*** Opening of DATA TO USE ***
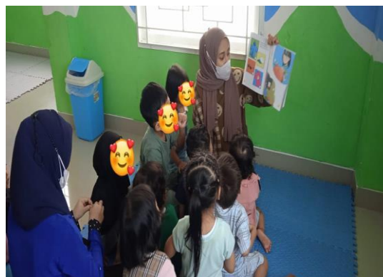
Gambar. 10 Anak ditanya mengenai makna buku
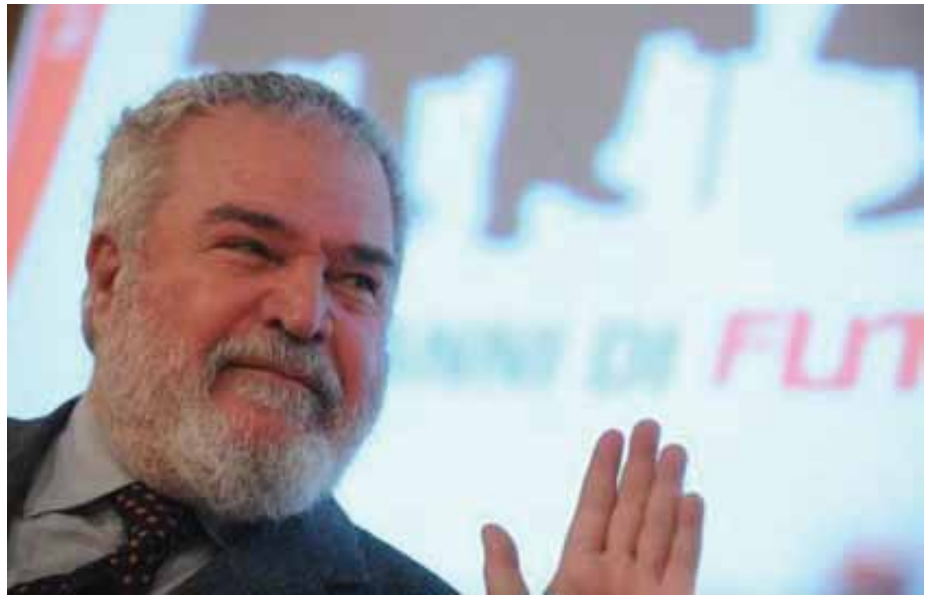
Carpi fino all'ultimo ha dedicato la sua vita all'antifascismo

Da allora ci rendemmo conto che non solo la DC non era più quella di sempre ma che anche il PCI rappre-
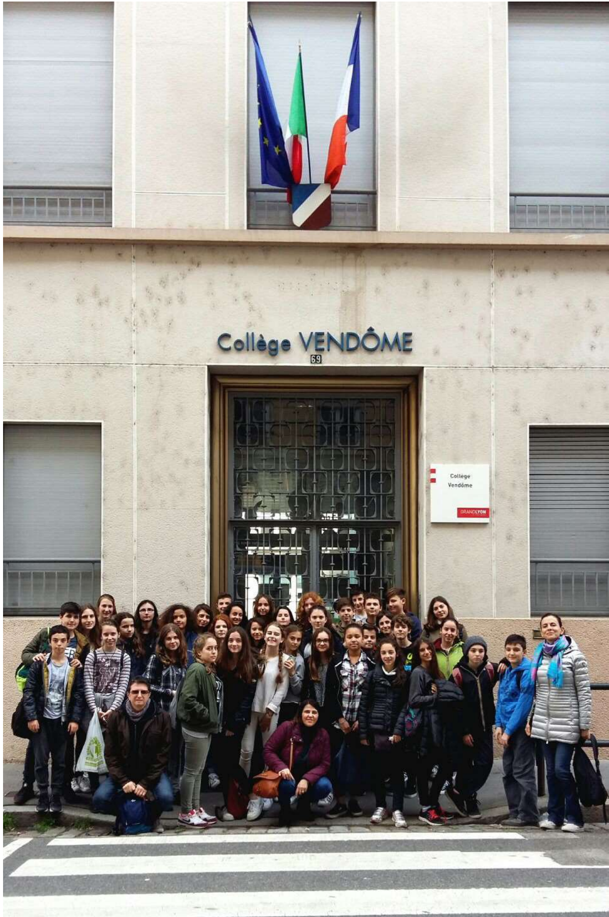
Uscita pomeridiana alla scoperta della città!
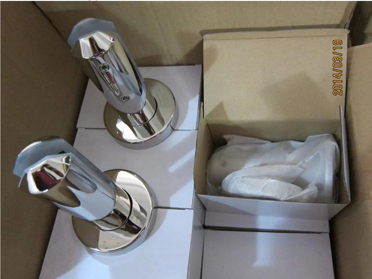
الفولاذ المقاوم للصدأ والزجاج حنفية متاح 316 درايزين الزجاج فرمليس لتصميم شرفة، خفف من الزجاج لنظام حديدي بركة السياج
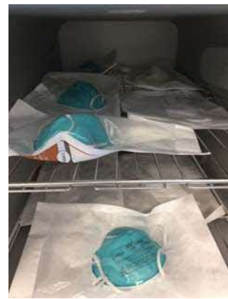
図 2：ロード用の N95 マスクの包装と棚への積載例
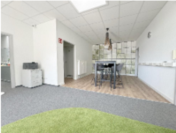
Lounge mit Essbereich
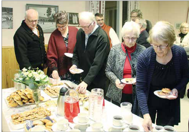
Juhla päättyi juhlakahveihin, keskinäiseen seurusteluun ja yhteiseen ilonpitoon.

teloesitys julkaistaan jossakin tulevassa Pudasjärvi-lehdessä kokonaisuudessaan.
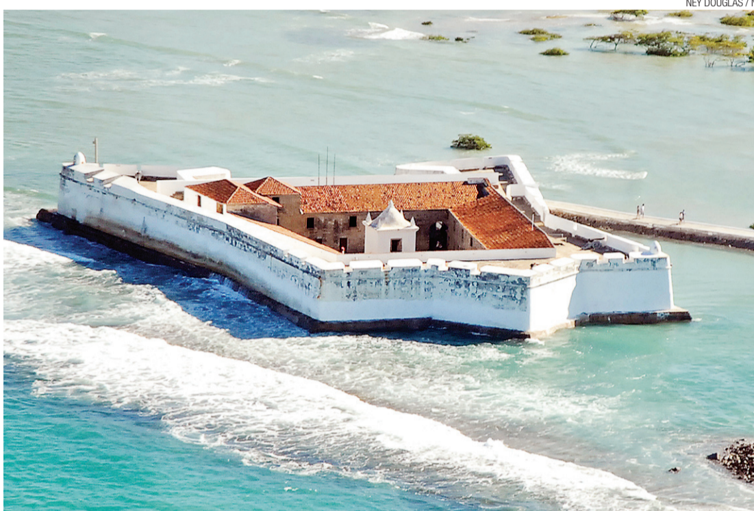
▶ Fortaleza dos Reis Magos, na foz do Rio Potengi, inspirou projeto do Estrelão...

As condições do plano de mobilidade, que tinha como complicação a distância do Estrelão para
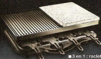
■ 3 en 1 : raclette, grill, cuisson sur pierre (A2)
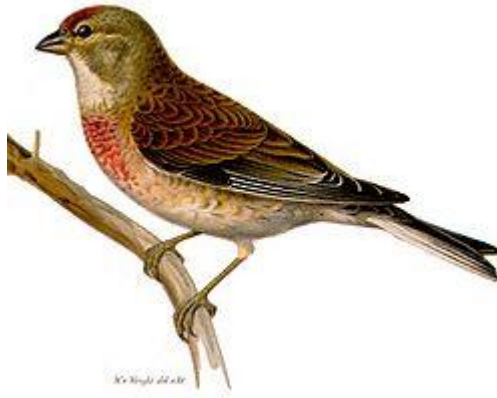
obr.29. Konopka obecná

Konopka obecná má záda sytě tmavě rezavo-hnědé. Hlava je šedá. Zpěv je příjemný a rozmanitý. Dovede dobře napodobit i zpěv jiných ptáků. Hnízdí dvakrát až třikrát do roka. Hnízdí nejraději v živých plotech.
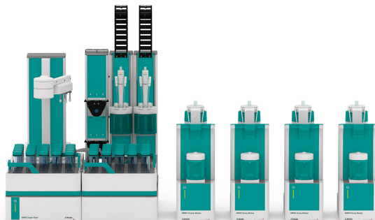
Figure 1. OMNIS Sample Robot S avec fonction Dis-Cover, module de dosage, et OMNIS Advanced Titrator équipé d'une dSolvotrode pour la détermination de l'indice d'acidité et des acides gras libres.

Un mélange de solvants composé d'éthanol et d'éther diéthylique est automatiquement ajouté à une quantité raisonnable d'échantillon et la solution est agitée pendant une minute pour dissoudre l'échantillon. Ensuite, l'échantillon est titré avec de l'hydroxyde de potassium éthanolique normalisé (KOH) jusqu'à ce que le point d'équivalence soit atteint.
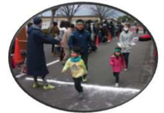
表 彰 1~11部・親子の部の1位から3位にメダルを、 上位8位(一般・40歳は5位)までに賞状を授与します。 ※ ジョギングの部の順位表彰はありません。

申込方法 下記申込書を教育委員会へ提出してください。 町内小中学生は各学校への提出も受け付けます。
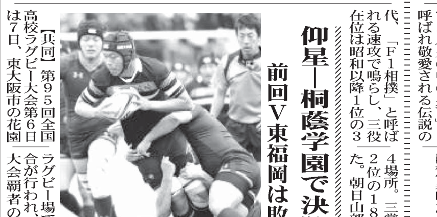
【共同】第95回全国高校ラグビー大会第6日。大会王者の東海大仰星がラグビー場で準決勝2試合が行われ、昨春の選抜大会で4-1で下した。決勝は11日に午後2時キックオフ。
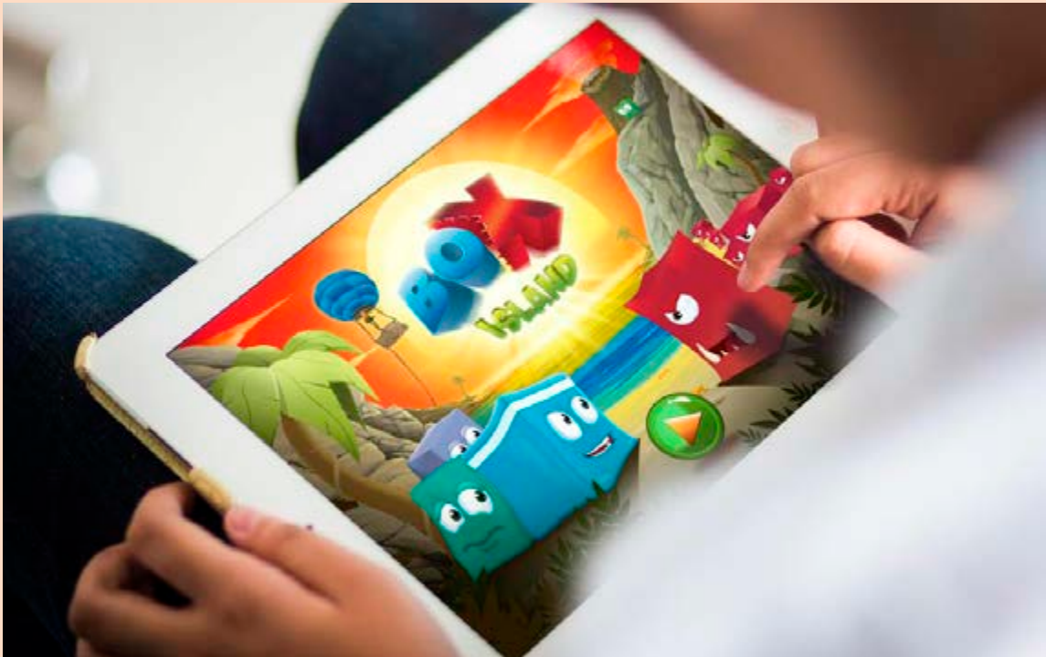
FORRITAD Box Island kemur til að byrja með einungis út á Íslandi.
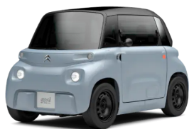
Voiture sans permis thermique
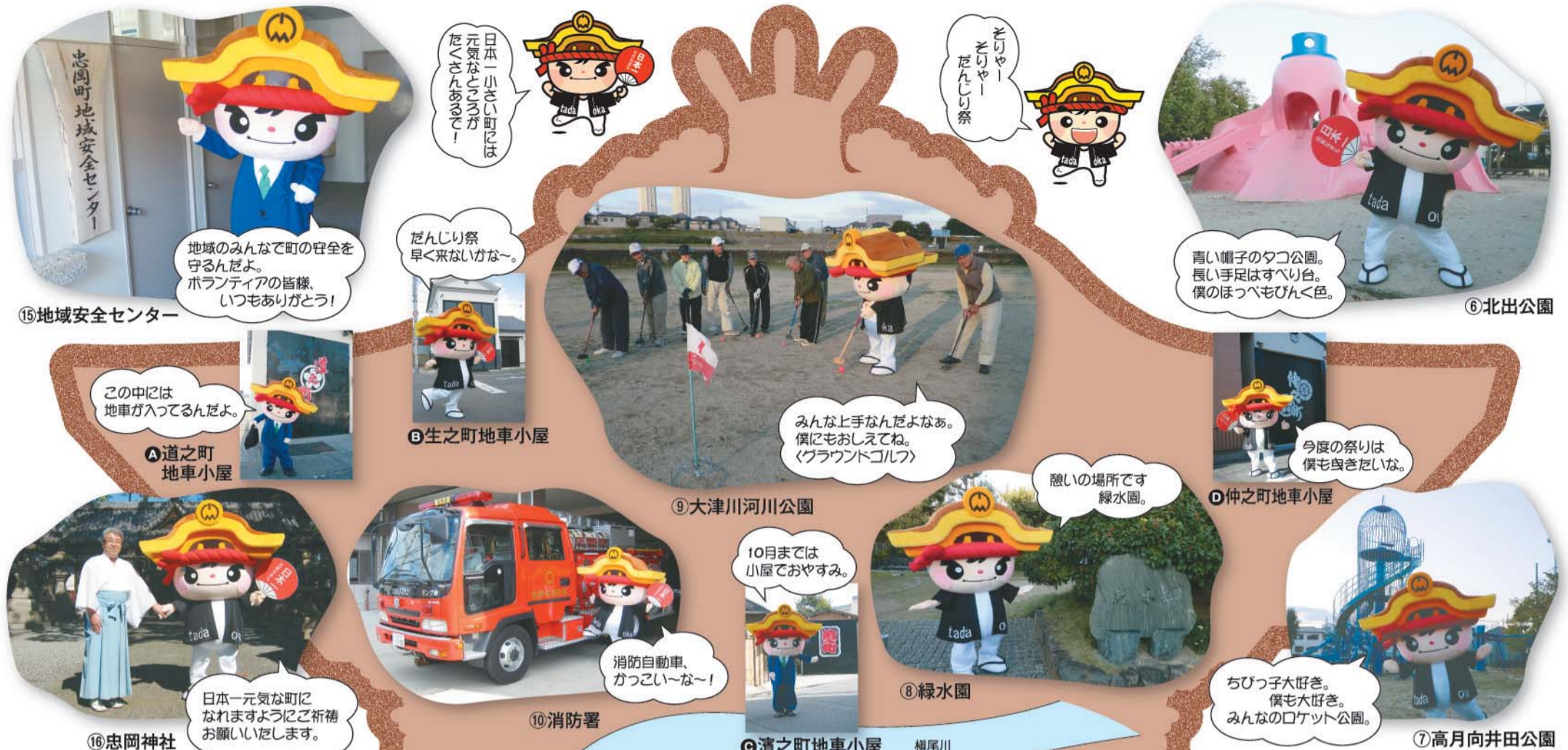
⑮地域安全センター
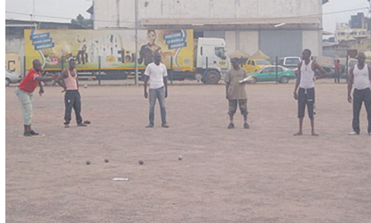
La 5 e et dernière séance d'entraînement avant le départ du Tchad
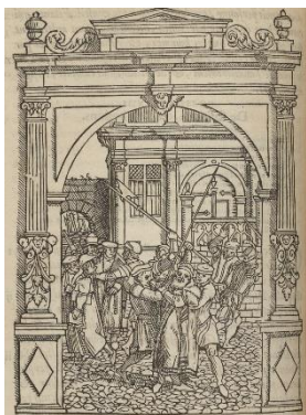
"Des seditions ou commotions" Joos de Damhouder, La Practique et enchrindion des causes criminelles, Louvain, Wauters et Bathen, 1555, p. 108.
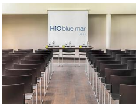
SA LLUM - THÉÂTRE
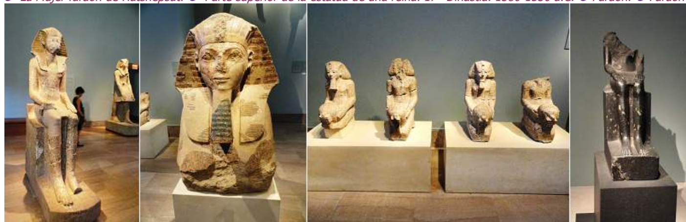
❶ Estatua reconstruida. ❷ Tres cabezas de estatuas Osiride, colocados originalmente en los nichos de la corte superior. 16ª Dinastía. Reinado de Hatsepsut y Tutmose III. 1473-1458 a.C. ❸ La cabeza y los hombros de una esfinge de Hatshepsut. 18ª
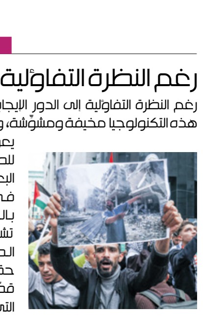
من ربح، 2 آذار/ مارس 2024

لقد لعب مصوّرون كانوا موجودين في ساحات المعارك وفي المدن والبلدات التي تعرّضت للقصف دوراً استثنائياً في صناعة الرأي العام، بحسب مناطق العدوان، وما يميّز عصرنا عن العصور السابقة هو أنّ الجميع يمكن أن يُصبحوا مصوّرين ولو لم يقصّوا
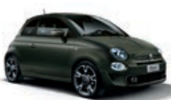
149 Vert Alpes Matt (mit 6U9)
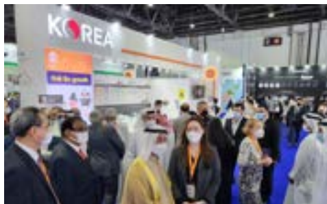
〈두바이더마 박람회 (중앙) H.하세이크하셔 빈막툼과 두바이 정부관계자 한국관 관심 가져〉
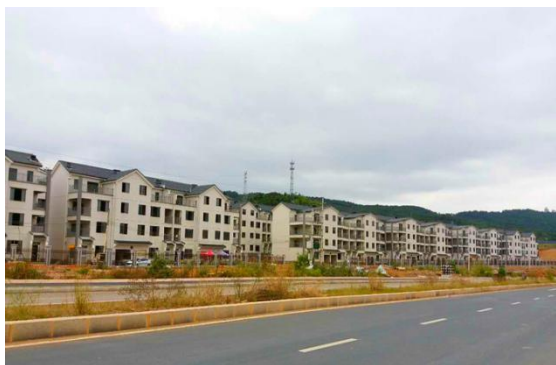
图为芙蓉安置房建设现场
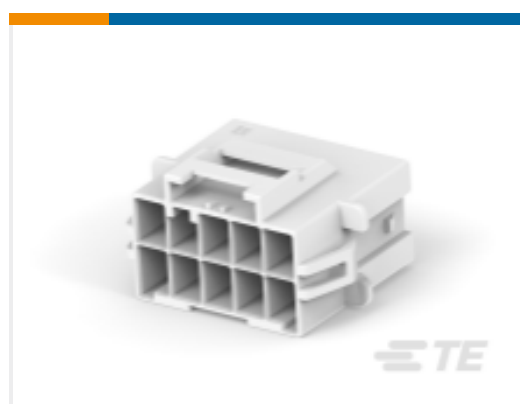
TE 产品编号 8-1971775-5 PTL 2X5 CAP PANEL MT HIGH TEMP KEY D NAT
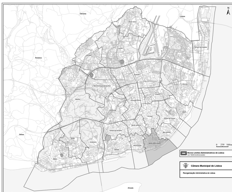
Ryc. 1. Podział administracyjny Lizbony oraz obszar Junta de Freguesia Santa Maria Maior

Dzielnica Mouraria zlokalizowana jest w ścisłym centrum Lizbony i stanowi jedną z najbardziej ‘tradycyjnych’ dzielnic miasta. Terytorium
*** Close of DATA TO USE ***
◆ **WORK TO BE COMPLETED**: Transcribe the lines that run from the line bearing "表 彰 1~11部・親子の部の1位から3位にメダルを、" through the last line of the data. Keep the wording exact and leave out every picture.

◆ **PROBLEM SOLUTION**:
表 彰 1~11部・親子の部の1位から3位にメダルを、 上位8位(一般・40歳は5位)までに賞状を授与します。 ※ ジョギングの部の順位表彰はありません。

申込方法 下記申込書を教育委員会へ提出してください。 町内小中学生は各学校への提出も受け付けます。
【共同】第95回全国高校ラグビー大会第6日。大会王者の東海大仰星がラグビー場で準決勝2試合が行われ、昨春の選抜大会で4-1で下した。決勝は11日に午後2時キックオフ。
FORRITAD Box Island kemur til að byrja með einungis út á Íslandi.
Voiture sans permis thermique
⑮地域安全センター
La 5 e et dernière séance d'entraînement avant le départ du Tchad
"Des seditions ou commotions" Joos de Damhouder, La Practique et enchrindion des causes criminelles, Louvain, Wauters et Bathen, 1555, p. 108.
SA LLUM - THÉÂTRE
❶ Estatua reconstruida. ❷ Tres cabezas de estatuas Osiride, colocados originalmente en los nichos de la corte superior. 16ª Dinastía. Reinado de Hatsepsut y Tutmose III. 1473-1458 a.C. ❸ La cabeza y los hombros de una esfinge de Hatshepsut. 18ª
من ربح، 2 آذار/ مارس 2024

لقد لعب مصوّرون كانوا موجودين في ساحات المعارك وفي المدن والبلدات التي تعرّضت للقصف دوراً استثنائياً في صناعة الرأي العام، بحسب مناطق العدوان، وما يميّز عصرنا عن العصور السابقة هو أنّ الجميع يمكن أن يُصبحوا مصوّرين ولو لم يقصّوا
149 Vert Alpes Matt (mit 6U9)
〈두바이더마 박람회 (중앙) H.하세이크하셔 빈막툼과 두바이 정부관계자 한국관 관심 가져〉
图为芙蓉安置房建设现场
TE 产品编号 8-1971775-5 PTL 2X5 CAP PANEL MT HIGH TEMP KEY D NAT
Ryc. 1. Podział administracyjny Lizbony oraz obszar Junta de Freguesia Santa Maria Maior

Dzielnica Mouraria zlokalizowana jest w ścisłym centrum Lizbony i stanowi jedną z najbardziej ‘tradycyjnych’ dzielnic miasta. Terytorium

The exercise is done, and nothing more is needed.